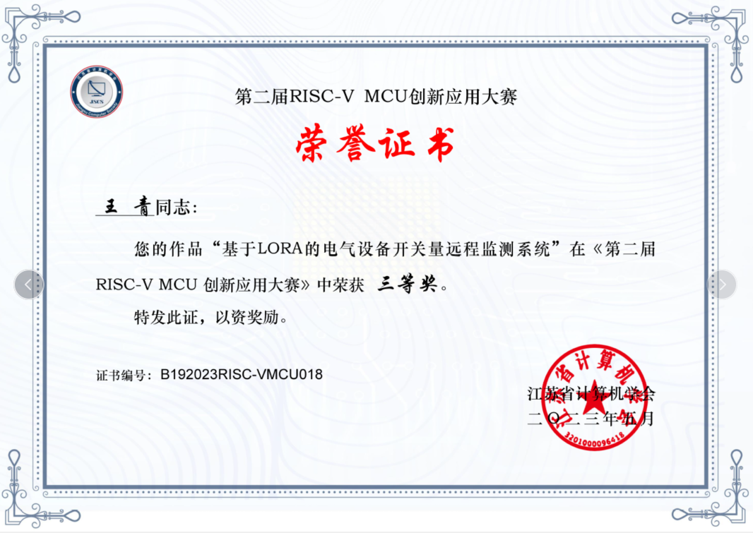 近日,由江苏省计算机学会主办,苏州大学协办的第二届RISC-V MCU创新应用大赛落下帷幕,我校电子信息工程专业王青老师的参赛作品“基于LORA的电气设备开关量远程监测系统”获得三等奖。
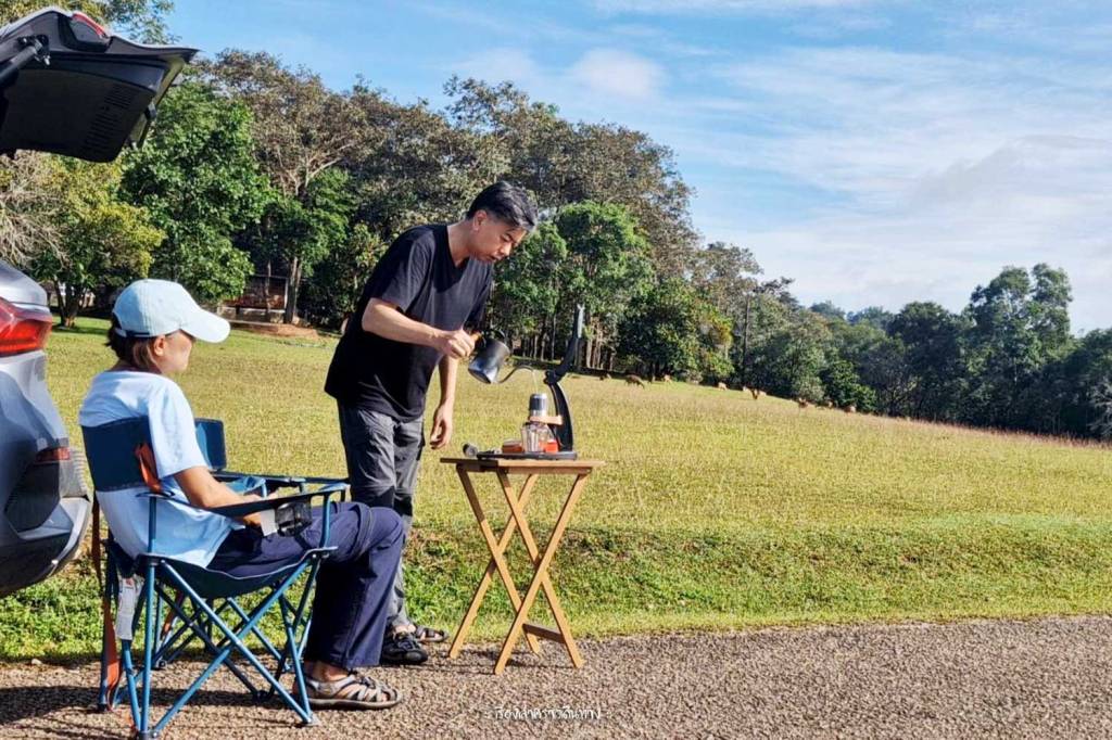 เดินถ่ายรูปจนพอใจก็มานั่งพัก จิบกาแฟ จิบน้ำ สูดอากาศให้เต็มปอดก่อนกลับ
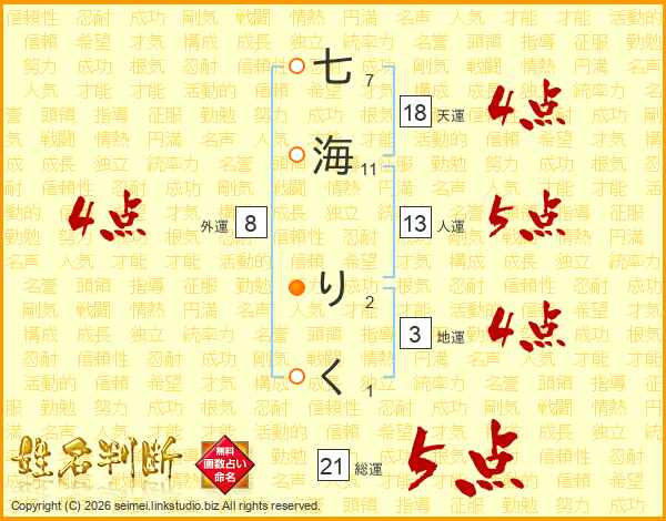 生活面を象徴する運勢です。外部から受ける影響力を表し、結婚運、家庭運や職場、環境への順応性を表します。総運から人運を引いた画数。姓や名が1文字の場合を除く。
= = = = = = =
What is needed is an exact restatement of the lines from the line with "เดินถ่ายรูปจนพอใจก็มานั่งพัก จิบกาแฟ จิบน้ำ" through the final line of the data, pictures excluded.

 เดินถ่ายรูปจนพอใจก็มานั่งพัก จิบกาแฟ จิบน้ำ สูดอากาศให้เต็มปอดก่อนกลับ
 生活面を象徴する運勢です。外部から受ける影響力を表し、結婚運、家庭運や職場、環境への順応性を表します。総運から人運を引いた画数。姓や名が1文字の場合を除く。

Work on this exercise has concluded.